We receive many requests in respect of pre- and post-nuptial Agreements from clients who are considering marrying or entering into a civil partnership. We do not provide advice in respect of family law matters. The following information is a general guide only, provided by Daniel Coombes, a partner at Family Law in Partnership (contactable at This e-mail address is being protected from spambots. You need JavaScript enabled to view it ).
The following guide generally refers to the position on divorce. However, the same points apply equally to the dissolution of civil partnerships; it is just the terminology which is slightly different.
To understand the implications and effect of pre- and post-nuptial agreements, one needs to have a brief understanding divorce law in England and Wales.The basis for Divorce
For a marriage to be dissolved in England and Wales the court must first have jurisdiction to deal with matters (likely if the parties are living here) and the marriage must have existed for at least one year. If a year has not elapsed since the date of marriage, only proceedings for judicial separation can be brought.
Financial claims
On divorce, the court has wide powers to make financial provision for either party and for any children of the family. That provision may include:
- periodical payments (maintenance / alimony);
- payment of lump sum(s);
- adjustment of the ownership of property; and
- sharing any pensions between the parties.
In deciding to what extent to make such provision, the court has a very wide discretion. It has to consider ‘all the circumstances of the case’ and take into account a list of factors set out in Section 25 of the Matrimonial Causes Act 1973. These factors include things like the ages of the parties, their needs, the financial resources available, the length of the marriage, the standard of living enjoyed during the marriage and the contributions made by the parties. There are other factors. These factors are not listed in any order of priority and a judge in any case may attach whatever weight he or she feels appropriate to each of them.
In longer marriages, the financial provision ordered by the court may be significant. England is has become known as one of the most ‘wife’ friendly jurisdictions in the world when it comes to divorce after a long marriage.
The Effect of Pre- and Post-Nuptial Agreements
Litigating financial claims on divorce through the court in England and Wales is not only expensive but pretty unpredictable given the very wide discretion afforded to the judge. Many people want to remove or limit that exposure to risk and try to achieve a better degree of certainty – by entering into a pre- or post- nuptial agreement. As the names suggest, a pre-nuptial agreement is entered into before a marriage. A post-nuptial agreement is entered after the marriage has already taken place – sometimes early on when the marriage is sound, on other occasions when the marriage is in difficulty and the parties anticipate that it may fail.
History
Traditionally, the courts of England and Wales ignored pre-nuptial agreements on the basis that they were said to undermine the institution of marriage - as they contemplated a future separation / divorce. However, over the years there has been a number of important cases which, on the whole, show a trend for the courts to take greater and greater account of pre- and post-nuptial agreements.

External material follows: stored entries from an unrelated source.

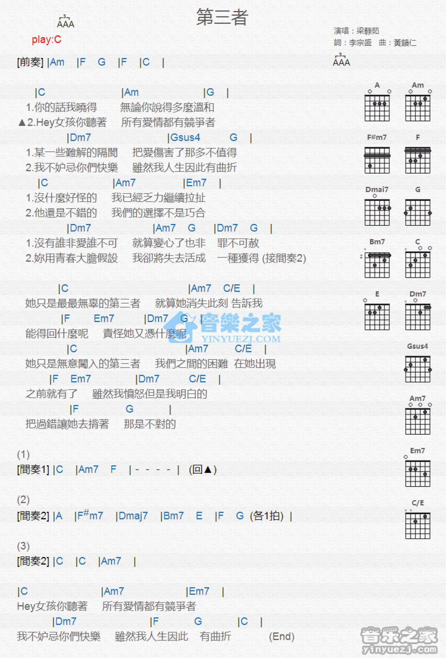曲谱介绍: C调版梁静茹《第三者》吉他和弦弹唱谱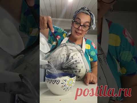 На изображении представлена женщина в яркой футболке с разноцветными узорами, состоящими из кругов и полос. На ней также надет фартук с черно-белым геометрическим рисунком. У женщины на голове повязан полосатый платок, а на лице большие очки круглой формы. Она находится на кухне, освещенной мягким светом, который создает уютную атмосферу. Женщина держит в руках белый электрический чайник, из которого выливает кипящую воду в белую керамическую чашку с цветочным орнаментом и синей внутренней частью. На фоне виден светлый потолок с панелями, что подчеркивает уют сельской или дачной кухни. Женщина смотрит на чашку с вниманием и интересом, создавая впечатление, что она увлечена тем, что делает. На изображении также использован текст, который дополняет общее впечатление, создавая представление о быстроте и простоте выполнения кулинарного действия.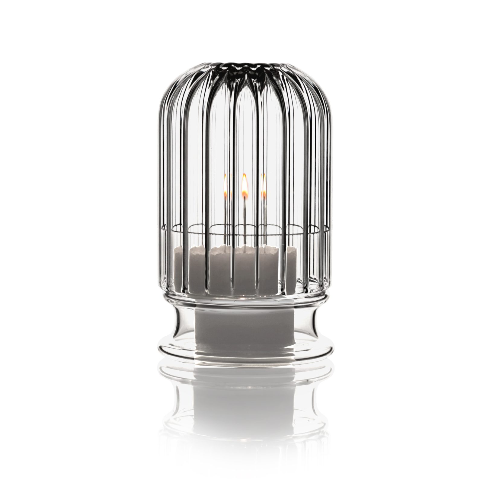 Moscardino is a distinctive candle holder featuring a protective cloche, handcrafted from borosilicate glass. Its design makes it suitable for both indoor and outdoor use, with the glass dome offering a windproof function, ensuring the candle remains lit even in breezy conditions.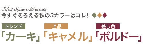 「カーキ」「キャメル」「ボルドー」の3カラーでキマリ!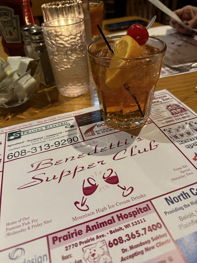 Traditional Wisconsin Supper club with good brandy old fashionds, prime rib on Saturdays, soup and salad bar, and "mile high" ice cream drinks for dessert. We tried all of that, and it was better than expected. The place has been there for a looooong time, and you never now if it is going to have the vibe you are looking for. Sometimes these older places have a smell, but this place was clean including the bathrooms. The highlight of the meal was the chicken pozole soup, and the pink squirrel ice cream drink. The prime rib, and ribeye were not lacking anything, but the soup was unforgettable, and if you never ordered their ice cream drinks, you missed out. Overall a really memorable experience.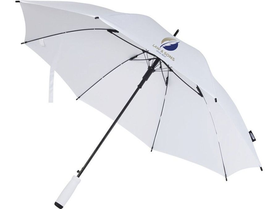 23-дюймовый зонт с куполом из эпонж полиэстера из переработанного ПЭТ-пластика. Автоматическое открытие. Имеет прочный металлический стержень, раму из стекловолокна и удобную ручку из EVA с кончиком черного цвета. Большая зона для печати на каждой панели.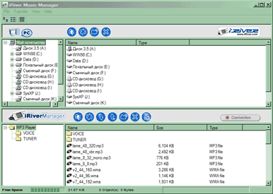 Жизненно необходимой для использования программой является iRiver Music Manager, похожий на другие менеджеры данного класса плееров, как две капли воды: может записывать все, что угодно в память плеера и извлекать оттуда все, кроме музыкальных файлов, упорядочивать последовательность проигрывания, стирать файлы с плеера. Отличие только одно, но существенное: программа умеет манипулировать с каталогами целиком. Связано это с тем, что плеер имеет полноценную поддержку каталогов, унаследованную от MP3/CD-плееров компании. С одной стороны, это куда более правильный подход, чем единственный каталог в большинстве моделей, разворачивающаяся в линейную структура каталогов в DIVA/MusicPen/PhotoClip или несколько предопределенных каталогов в iAudio, с другой же с учетом относительно небольшого объема памяти в моделях линейки, полноценная древовидная файловая система нужна почти всем iFP как рыбке зонтик.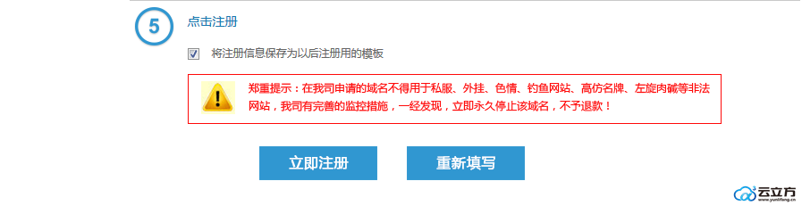 我们填写好域名信息后,点击下面的“立即注册”按钮,看看效果: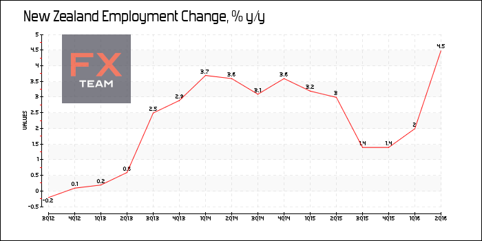 По данным Statistics New Zealand, занятость повысилась на 2,4% во втором квартале после роста на 1,2% в предыдущем квартале. Экономисты прогнозировали рост данного показателя на 0,6% в отчетном периоде. В числовом выражении занятость в Новой Зеландии возросла на 58,0 тыс. до 2,46 млн.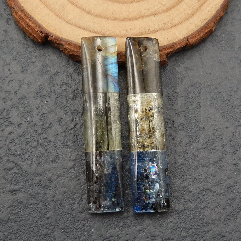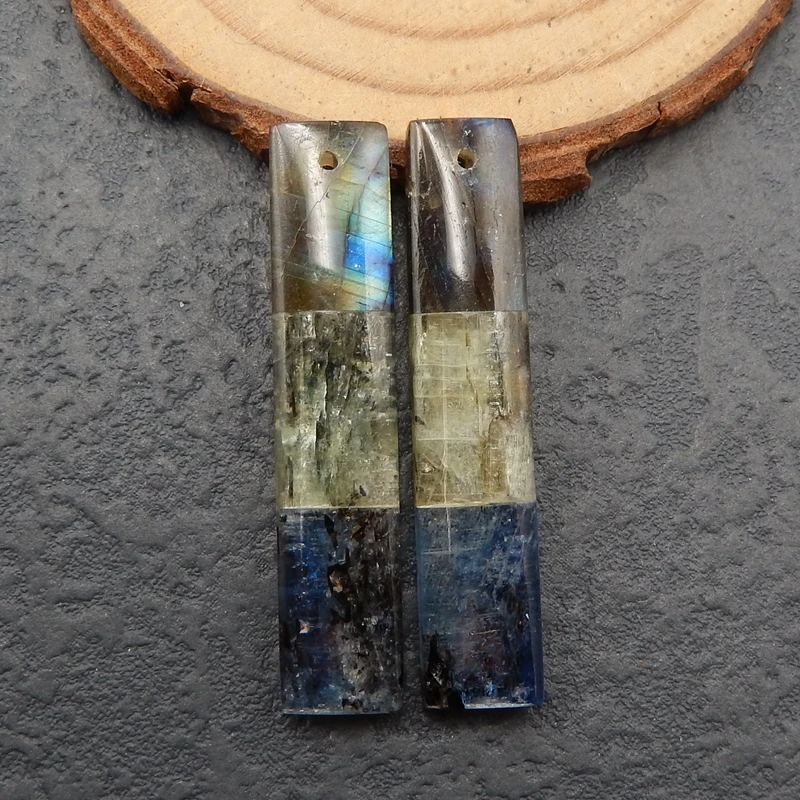Натуральный Синий Кианит, зеленый Кианит и Лабрадорит приклеенные прямоугольные серьги Pair41x9x4mm9g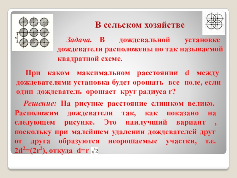Решение: На рисунке расстояние слишком велико. Расположим дождеватели так, как показано на следующем рисунке. Это наилучший вариант , поскольку при малейшем удалении дождевателей друг от друга образуются неорошаемые участки, т.е. 2d2=(2r2), откуда d=r

The issue has come to public attention again following the 2010 case of Radmacher v Granatino.
Radmacher
In this case, the wife was German and came from a very wealthy family. The husband was French. They entered into a pre-nuptial agreement shortly before they married which essentially prevented either from making claims against the other. They settled in England and had children. During the marriage, the husband gave up a lucrative career as a banker to undertake scientific research with a much more modest salary. When they divorced, the husband made financial claims against the wife.
The first court allowed the husband’s claims. The Judge did not uphold the pre-nuptial agreement but, because of it, she said she was reducing the award that he might otherwise have received from the wife.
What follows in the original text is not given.